Setup object storage buckets#

See the relevant topic page for more information on why users want this!

  1. In the .tfvars file for the project in which this hub is based off create (or modify) the user_buckets variable. The config is like:

    user_buckets = {
       "bucket1": {
          "delete_after": 7
       },
       "bucket2": {
          "delete_after": null
       }
    }
    

    Since storage buckets need to be globally unique across all of Google Cloud, the actual created names are <prefix>-<bucket-name>, where <prefix> is set by the prefix variable in the .tfvars file

    delete_after specifies the number of days after object creation time the object will be automatically cleaned up - this is very helpful for ‘scratch’ buckets that are temporary. Set to null to prevent this cleaning up process from happening, e.g., if users want a persistent bucket.

  2. Enable access to these buckets from the hub by editing hub_cloud_permissions in the same .tfvars file. Follow all the steps listed there - this should create the storage buckets and provide all users access to them!

  3. (If requested) Enable public read access to these buckets by editing the bucket_public_access list in the same .tfvars:

    bucket_public_access = [
       "public-persistent"
    ]
    
  4. You can set the SCRATCH_BUCKET (and the deprecated PANGEO_SCRATCH) env vars on all user pods so users can use the created bucket without having to hard-code the bucket name in their code.
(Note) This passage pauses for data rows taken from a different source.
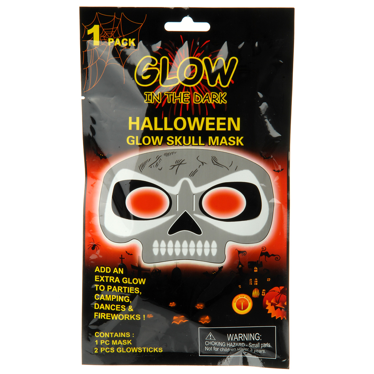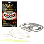 Маска хэллоуиновская светящаяся в форме черепа. Такой аксессуар придаст законченный вид вашему образу и станет незаменимым атрибутом для тематических вечеринок и розыгрышей. В комплект входит маска, 2 светящиеся палочки. Благодаря резинке эту маску сможет носить любой. Размеры упаковки: 14*1*25 см. Размеры карнавальной маски: 18*17*11 см. Размеры светящейся палочки: 15,5*0,5 см. Изготовлено из безопасного полимерного материала.
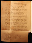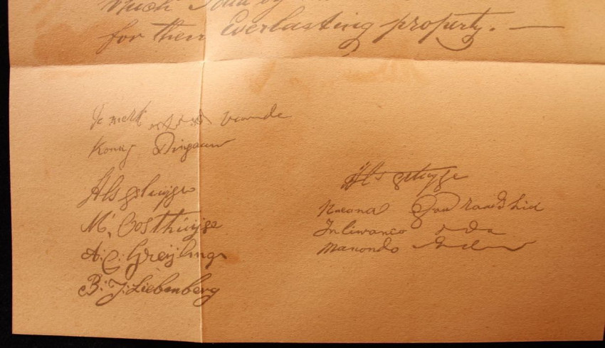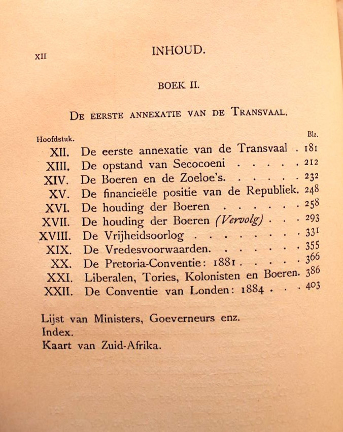 Includes a fold-out facsimile of the original contract between Voortrekker leader Piet Retief and Zulu king Dingaan. Retief negotiated, on behalf of the Voortrekkers, for land in Natal. The king gave his permission and even signed the treaty presented to him by Retief. However, shortly afterwards, when Dingaan proclaimed they were now friends in perpetuity, he had the whole delegation murdered.
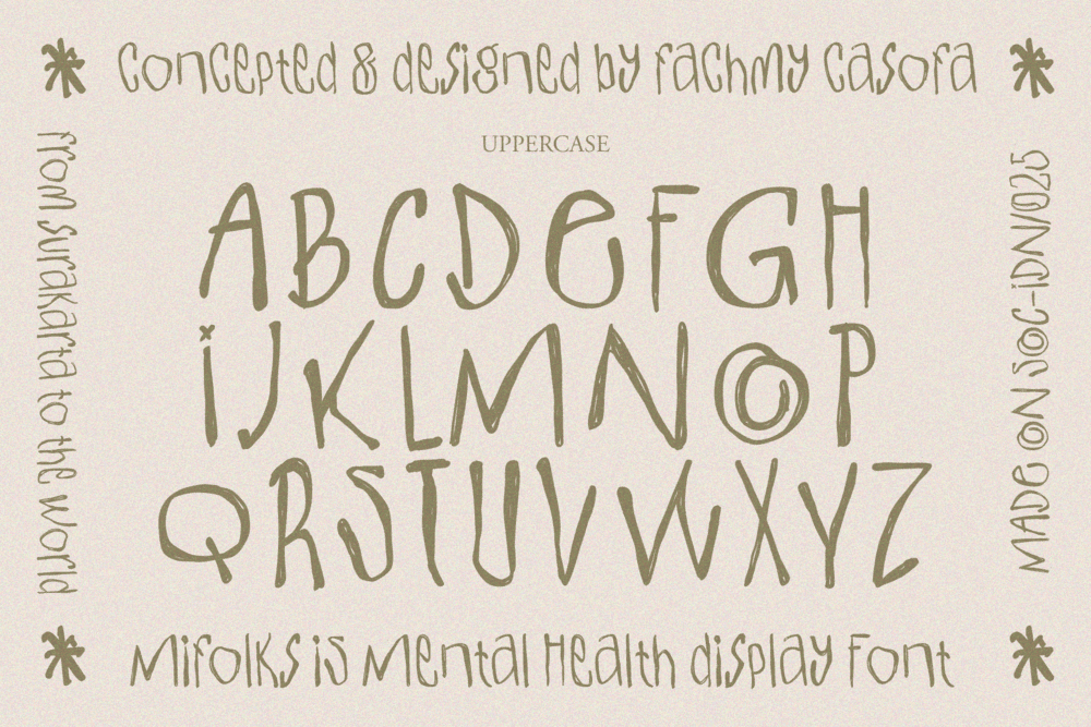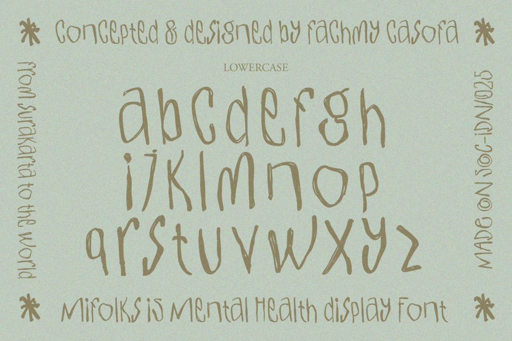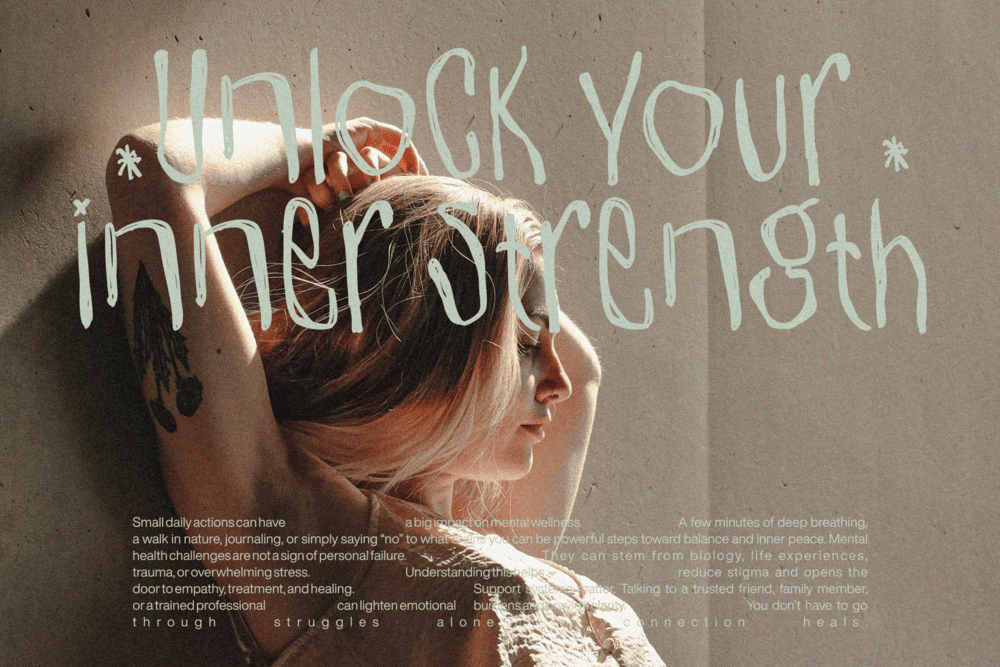 MIFOLKS is a deeply expressive, handwritten font with a deliberately rough and organic texture, designed to resonate with the raw, authentic emotions tied to mental health, mindfulness, and spiritual growth. Its imperfect, brush-like strokes mirror the human journey — full of texture, vulnerability, and strength — making it the ideal typographic companion for projects that seek to foster connection, healing, and self-awareness. Whether you’re designing a mental health awareness campaign, a mindfulness journal, or a spiritual wellness brand, MIFOLKS brings a soulful, hand-crafted voice that speaks directly to the heart.
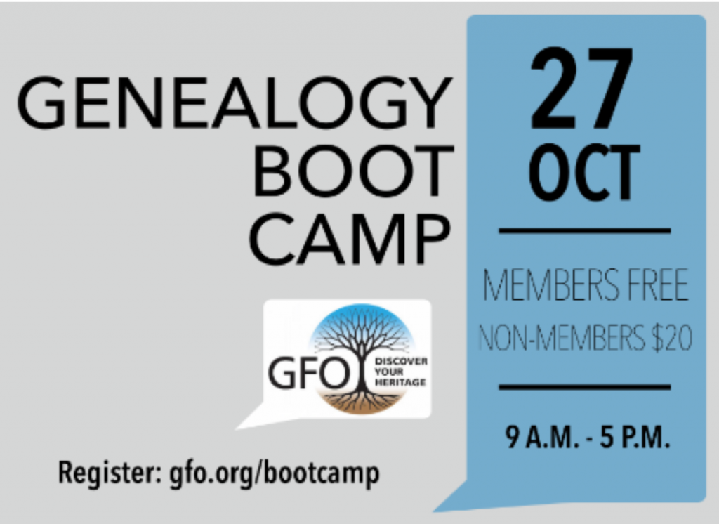 you can keep going as the class does. Free for GFO members! Just $20 for non-members. Genealogy Boot Camp for Beginners on October 27th has lots of seats still available. Please register today! |
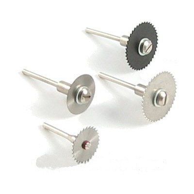 4 Sets of Circular Saw Blades with Arbors Circular Saw Blade with Arbor This item is perfect for cutting fiber glass, plastic, wood, and more The blade measures 1 1/4" diameter, 0.8mm thickness and has 40 teeth Arbor size is 1/4" This item is ideal for craftsmen, jewelers, technicians, archeologist, etc Circular Black Saw Blade with Arbor This item is perfect for cutting fiber glass, plastic, wood, and more The blade measures 1 1/4" diameter, 0.8mm thickness and has 40 teeth Arbor size is 1/4" This item is ideal for craftsmen, jewelers, technicians, archeologist, etc. Circular Saw Blade (M2 Class) with Arbor This high speed saw blade measures 1" and fits any standard 1/4" arbor This high speed saw bade is made from M2 class steel for speed and strength This high speed saw blade's thickness is 0.2mm and teeth-count is 130 This high speed saw blade is perfect for cutting fiber glass, plastic, wood, and more This high speed saw blade is ideal for craftsmen, jewelers, technicians, archeologist, etc A mandrel is included (as shown on the first picture) Circular Saw Blade with Arbor This item is perfect for cutting fiber glass, plastic, wood, and more The blade measures 25mm diameter, and has 32 teeth This item is ideal for craftsmen, jewelers, technicians, archeologist, etc. WARNING: This mandrel and or cut-off wheel is designed to be used on power tools which are being operated at low R.P.M.. Please operate your power tool at low R.P.M. to avoid personal bodily injury and or damage to the mandrel or cut-off wheel. Always wear protective clothing/gear while operating power tools. Using hand tools can be dangerous, always take care and keep away from children. Wear protective eyewear in working area at all times. Select correct type and size of hand tools for work. NOTE: Pictures are for illustration purpose only, actual item may slightly vary in appearance and design
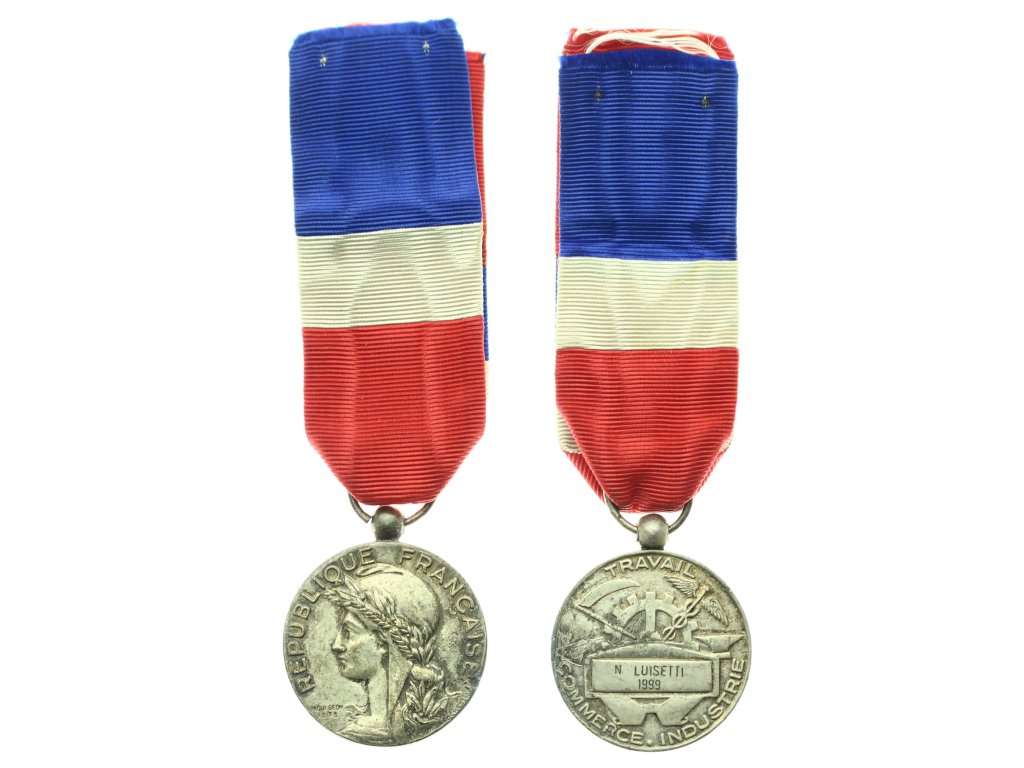 Francie, Čestná medaile práce, 1999, postříbřený bronz, stuha, stav 1/1/1...viz autentické foto
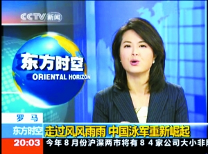 有意思的是,在进行游泳世锦赛的报道时,当张泉灵谈到张琳时,屏幕左上角就立刻出现一个画笔,动态地描摹出张琳的彩色铅笔画,增添了喜感,让人感觉尤为轻松。另外,主播语言“家常化”也是一个很明显特点。
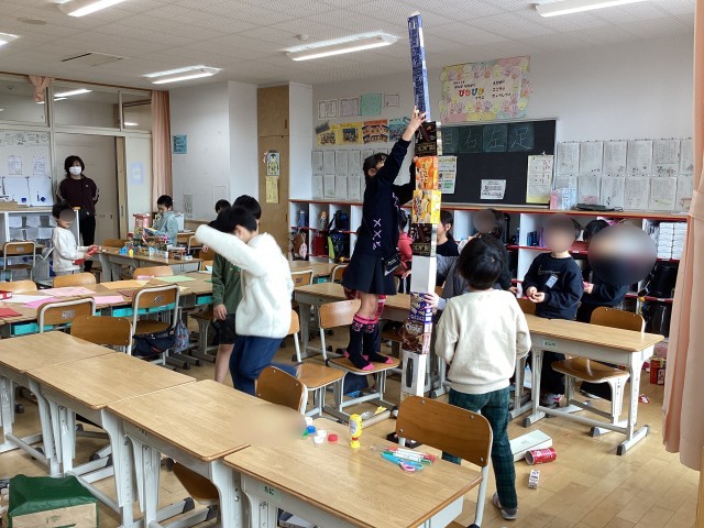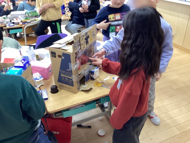 1学期よりバージョンアップし、友達と一緒に箱と箱を組み合わせて工作をしました。お互いにアイディアを出し合い、試行錯誤しながら組み立てていました。子供たちは、廃材を世界に一つの代物に変える天才です!

In the hub-specific .values.yaml file in config/clusters/<cluster-name>, set:

     jupyterhub:
       singleuser:
          extraEnv:
             SCRATCH_BUCKET: <s3 or gs>://<bucket-full-name>/$(JUPYTERHUB_USER)
             PANGEO_SCRATCH: <s3 or gs>://<bucket-full-name>/$(JUPYTERHUB_USER)
             # If we have a bucket that does not have a `delete_after`
             PERSISTENT_BUCKET: <s3 or gs>://<bucket-full-name>/$(JUPYTERHUB_USER)
             # If we have a bucket defined in user_buckets that should be granted public read access.
             PUBLIC_PERSISTENT_BUCKET: <s3 or gs>://<bucket-full-name>/$(JUPYTERHUB_USER)
    

    Note

    Use s3 on AWS and gs on GCP for the protocol part

    Note

    If the hub is a daskhub, nest the config under a basehub key

    The $(JUPYTERHUB_USER) expands to the name of the current user for each user, so everyone gets a little prefix inside the bucket to store their own stuff without stepping on other people’s objects. But this is not a security mechanism - everyone can access everyone else’s objects!

    <bucket-full-name> is the full name of the bucket, which is formed by <prefix>-<bucket-name>, where <prefix> is also set in the .tfvars file. You can see the full names of created buckets with terraform output buckets too.

    You can also add other env vars pointing to other buckets users requested.

  5. Get this change deployed, and users should now be able to use the buckets! Currently running users might have to restart their pods for the change to take effect.